(TASK INPUT):
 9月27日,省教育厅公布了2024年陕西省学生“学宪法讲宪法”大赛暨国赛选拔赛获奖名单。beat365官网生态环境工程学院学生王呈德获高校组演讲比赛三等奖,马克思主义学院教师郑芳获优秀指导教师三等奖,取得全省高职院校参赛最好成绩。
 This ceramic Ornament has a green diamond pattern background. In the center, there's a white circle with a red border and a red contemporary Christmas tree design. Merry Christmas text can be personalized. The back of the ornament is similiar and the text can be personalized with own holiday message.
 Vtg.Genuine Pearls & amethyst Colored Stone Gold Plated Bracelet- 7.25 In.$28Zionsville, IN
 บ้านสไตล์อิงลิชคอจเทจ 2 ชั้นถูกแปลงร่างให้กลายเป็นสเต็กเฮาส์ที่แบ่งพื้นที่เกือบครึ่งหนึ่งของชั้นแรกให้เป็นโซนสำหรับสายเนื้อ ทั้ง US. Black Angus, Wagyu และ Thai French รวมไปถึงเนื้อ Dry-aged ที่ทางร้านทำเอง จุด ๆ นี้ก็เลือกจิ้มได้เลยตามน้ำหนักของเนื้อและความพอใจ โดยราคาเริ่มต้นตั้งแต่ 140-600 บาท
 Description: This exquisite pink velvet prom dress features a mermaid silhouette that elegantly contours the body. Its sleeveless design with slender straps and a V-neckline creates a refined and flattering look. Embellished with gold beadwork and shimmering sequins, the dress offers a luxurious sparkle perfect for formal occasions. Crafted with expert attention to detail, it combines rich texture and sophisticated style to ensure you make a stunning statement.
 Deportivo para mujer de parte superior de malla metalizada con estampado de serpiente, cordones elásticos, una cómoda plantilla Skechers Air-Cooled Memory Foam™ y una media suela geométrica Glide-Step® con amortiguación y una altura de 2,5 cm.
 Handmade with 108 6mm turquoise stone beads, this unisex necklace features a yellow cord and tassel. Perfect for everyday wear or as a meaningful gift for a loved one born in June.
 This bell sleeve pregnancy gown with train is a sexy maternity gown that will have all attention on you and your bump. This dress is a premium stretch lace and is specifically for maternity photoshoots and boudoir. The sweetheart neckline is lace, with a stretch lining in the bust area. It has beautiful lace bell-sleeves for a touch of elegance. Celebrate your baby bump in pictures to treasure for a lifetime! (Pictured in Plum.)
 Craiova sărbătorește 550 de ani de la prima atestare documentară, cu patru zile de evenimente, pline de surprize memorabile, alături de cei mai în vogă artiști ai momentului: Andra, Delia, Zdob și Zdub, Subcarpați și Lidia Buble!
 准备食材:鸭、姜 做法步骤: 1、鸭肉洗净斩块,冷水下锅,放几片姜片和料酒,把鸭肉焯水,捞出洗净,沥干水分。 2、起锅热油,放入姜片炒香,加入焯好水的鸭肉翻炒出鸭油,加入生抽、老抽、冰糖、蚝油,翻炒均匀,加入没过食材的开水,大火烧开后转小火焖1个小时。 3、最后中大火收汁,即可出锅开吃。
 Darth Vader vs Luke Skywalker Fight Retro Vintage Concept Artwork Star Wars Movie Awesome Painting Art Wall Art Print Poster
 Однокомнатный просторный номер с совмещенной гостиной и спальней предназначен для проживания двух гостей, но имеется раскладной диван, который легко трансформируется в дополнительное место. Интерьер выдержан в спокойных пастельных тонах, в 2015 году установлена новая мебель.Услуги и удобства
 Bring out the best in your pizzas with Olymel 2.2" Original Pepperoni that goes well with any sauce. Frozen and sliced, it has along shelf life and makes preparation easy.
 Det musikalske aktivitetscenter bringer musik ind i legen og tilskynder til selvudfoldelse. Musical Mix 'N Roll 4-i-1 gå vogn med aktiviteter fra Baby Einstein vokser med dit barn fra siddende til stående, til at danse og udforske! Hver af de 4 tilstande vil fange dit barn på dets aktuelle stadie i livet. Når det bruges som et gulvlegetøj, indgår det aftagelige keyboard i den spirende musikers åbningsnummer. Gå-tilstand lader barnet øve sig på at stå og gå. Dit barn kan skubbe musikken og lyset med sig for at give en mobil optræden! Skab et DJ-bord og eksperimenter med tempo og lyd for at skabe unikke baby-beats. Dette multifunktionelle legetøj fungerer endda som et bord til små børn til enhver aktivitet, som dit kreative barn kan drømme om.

(EXERCISE AIM):
Reproduce verbatim the lines above, from the line with "Deportivo para mujer" through the line with "Darth Vader vs".

(ANSWER BOX):
 Deportivo para mujer de parte superior de malla metalizada con estampado de serpiente, cordones elásticos, una cómoda plantilla Skechers Air-Cooled Memory Foam™ y una media suela geométrica Glide-Step® con amortiguación y una altura de 2,5 cm.
 Handmade with 108 6mm turquoise stone beads, this unisex necklace features a yellow cord and tassel. Perfect for everyday wear or as a meaningful gift for a loved one born in June.
 This bell sleeve pregnancy gown with train is a sexy maternity gown that will have all attention on you and your bump. This dress is a premium stretch lace and is specifically for maternity photoshoots and boudoir. The sweetheart neckline is lace, with a stretch lining in the bust area. It has beautiful lace bell-sleeves for a touch of elegance. Celebrate your baby bump in pictures to treasure for a lifetime! (Pictured in Plum.)
 Craiova sărbătorește 550 de ani de la prima atestare documentară, cu patru zile de evenimente, pline de surprize memorabile, alături de cei mai în vogă artiști ai momentului: Andra, Delia, Zdob și Zdub, Subcarpați și Lidia Buble!
 准备食材:鸭、姜 做法步骤: 1、鸭肉洗净斩块,冷水下锅,放几片姜片和料酒,把鸭肉焯水,捞出洗净,沥干水分。 2、起锅热油,放入姜片炒香,加入焯好水的鸭肉翻炒出鸭油,加入生抽、老抽、冰糖、蚝油,翻炒均匀,加入没过食材的开水,大火烧开后转小火焖1个小时。 3、最后中大火收汁,即可出锅开吃。
 Darth Vader vs Luke Skywalker Fight Retro Vintage Concept Artwork Star Wars Movie Awesome Painting Art Wall Art Print Poster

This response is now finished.